## Description of the task
Keep the text of the data exactly as it is and omit each picture from the copy.

## Material provided

■ ■ ■ ■

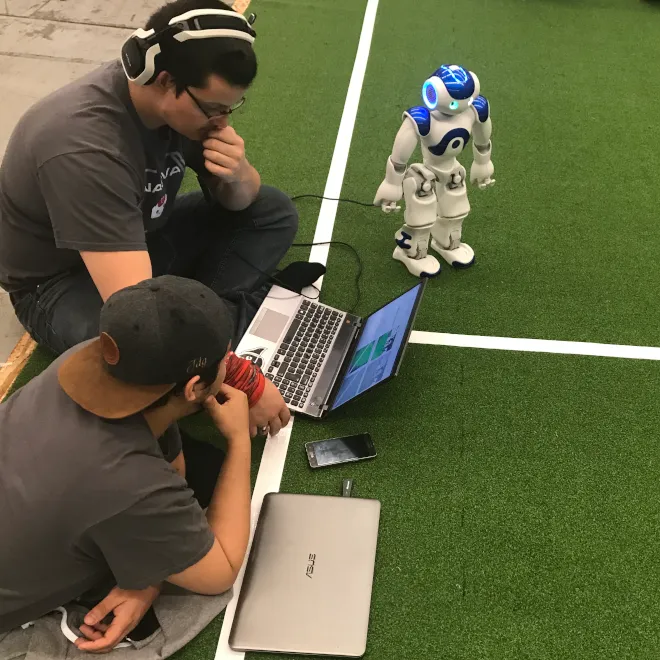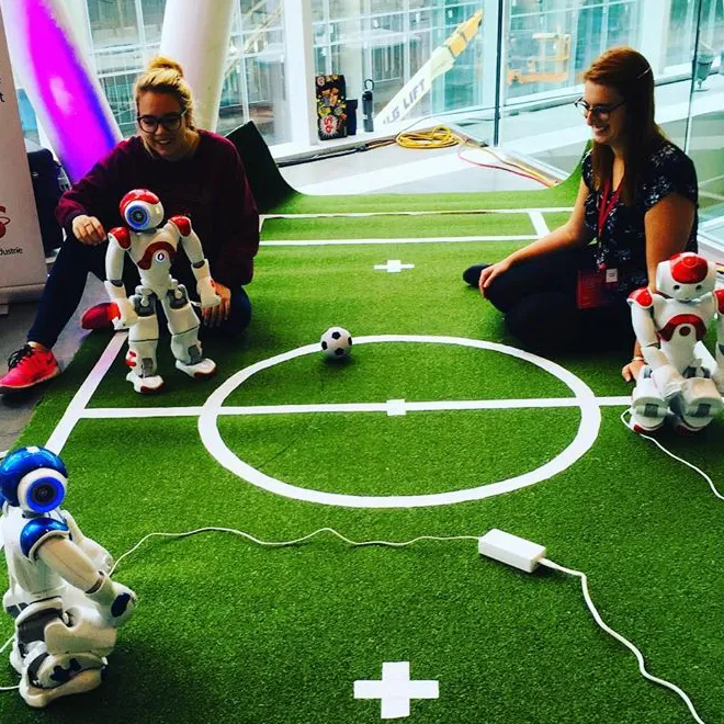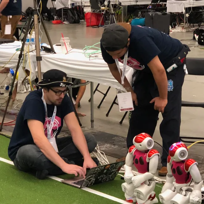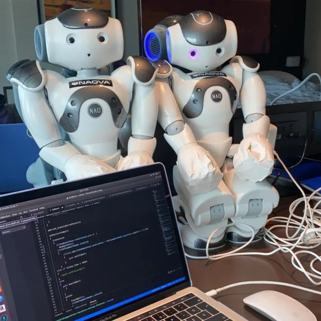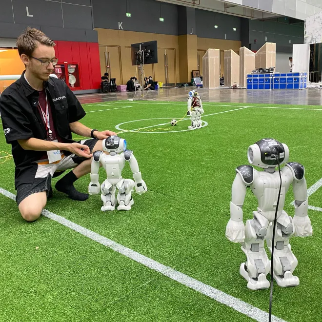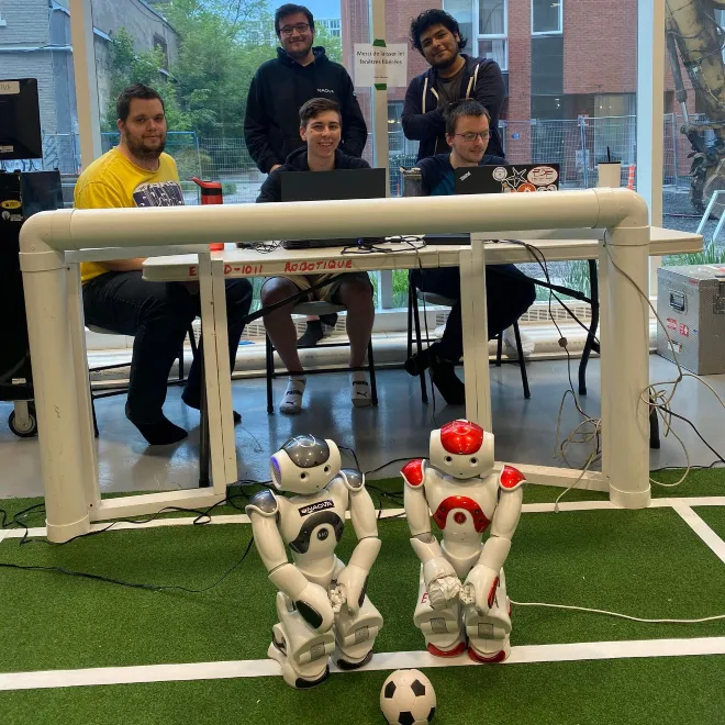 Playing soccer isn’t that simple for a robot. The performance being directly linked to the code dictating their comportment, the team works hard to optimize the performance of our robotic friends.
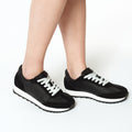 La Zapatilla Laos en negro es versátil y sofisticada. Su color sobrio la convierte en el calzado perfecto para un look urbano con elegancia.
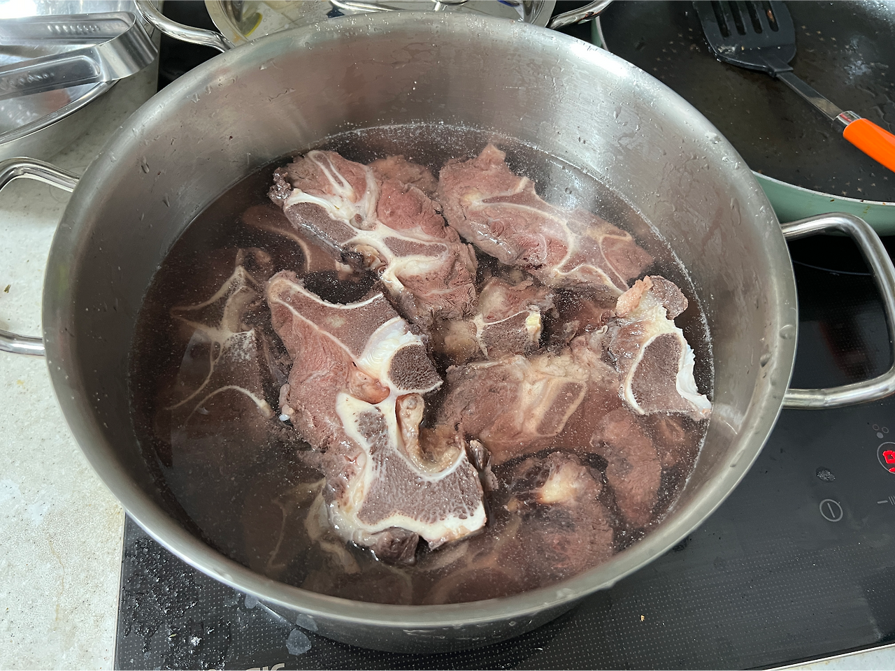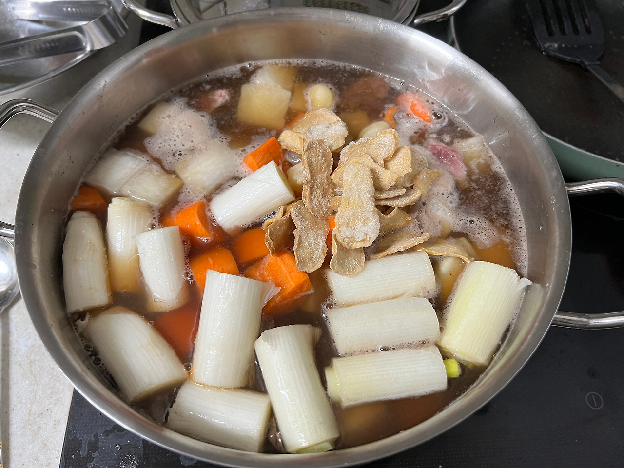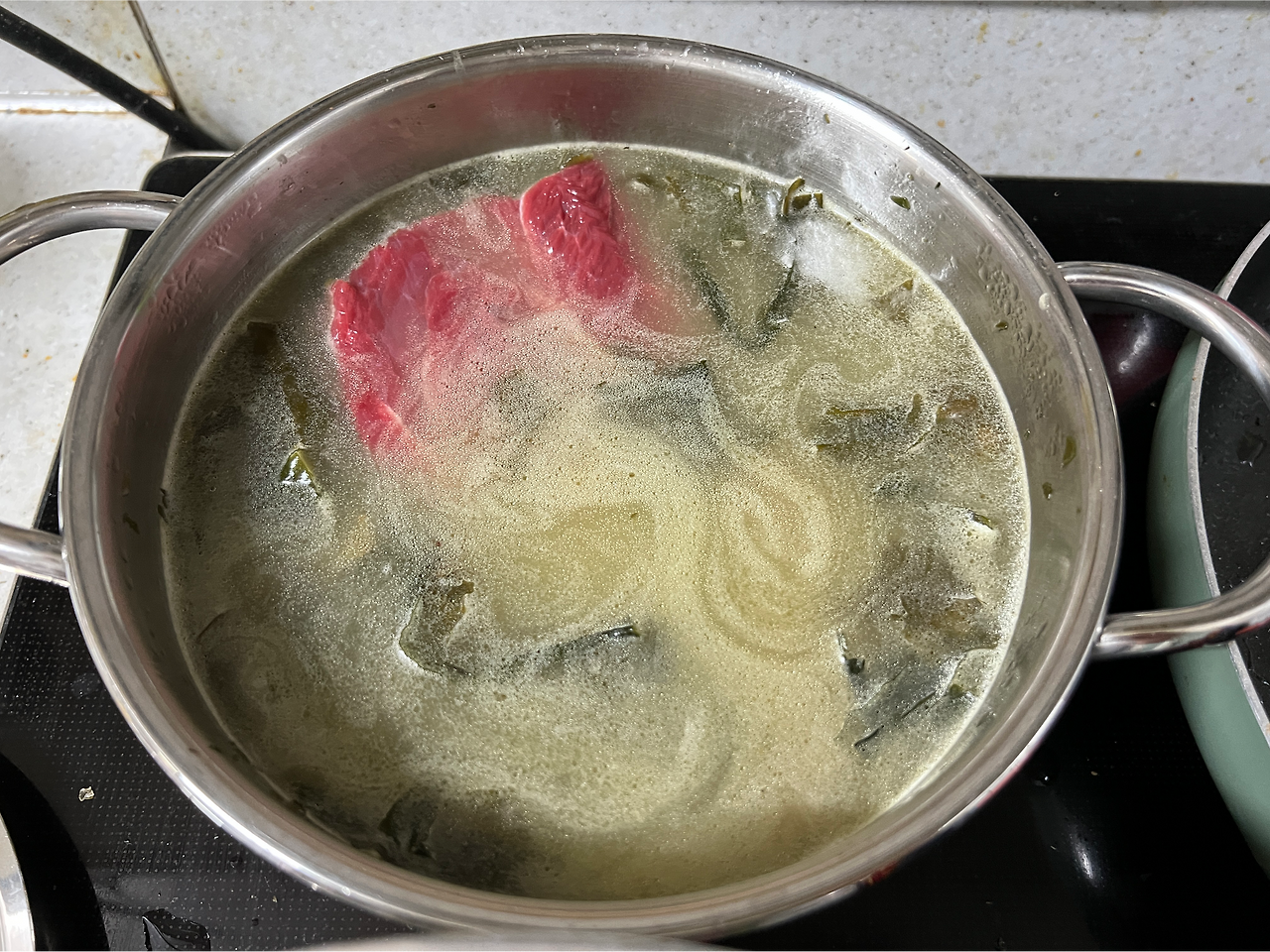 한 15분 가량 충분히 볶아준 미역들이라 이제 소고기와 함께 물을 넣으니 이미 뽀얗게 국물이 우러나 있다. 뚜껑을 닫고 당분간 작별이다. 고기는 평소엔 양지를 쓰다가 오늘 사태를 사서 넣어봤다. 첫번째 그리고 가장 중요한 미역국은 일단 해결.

■ ■ ■ ■

## Exercise output
 Playing soccer isn’t that simple for a robot. The performance being directly linked to the code dictating their comportment, the team works hard to optimize the performance of our robotic friends.
 La Zapatilla Laos en negro es versátil y sofisticada. Su color sobrio la convierte en el calzado perfecto para un look urbano con elegancia.
 한 15분 가량 충분히 볶아준 미역들이라 이제 소고기와 함께 물을 넣으니 이미 뽀얗게 국물이 우러나 있다. 뚜껑을 닫고 당분간 작별이다. 고기는 평소엔 양지를 쓰다가 오늘 사태를 사서 넣어봤다. 첫번째 그리고 가장 중요한 미역국은 일단 해결.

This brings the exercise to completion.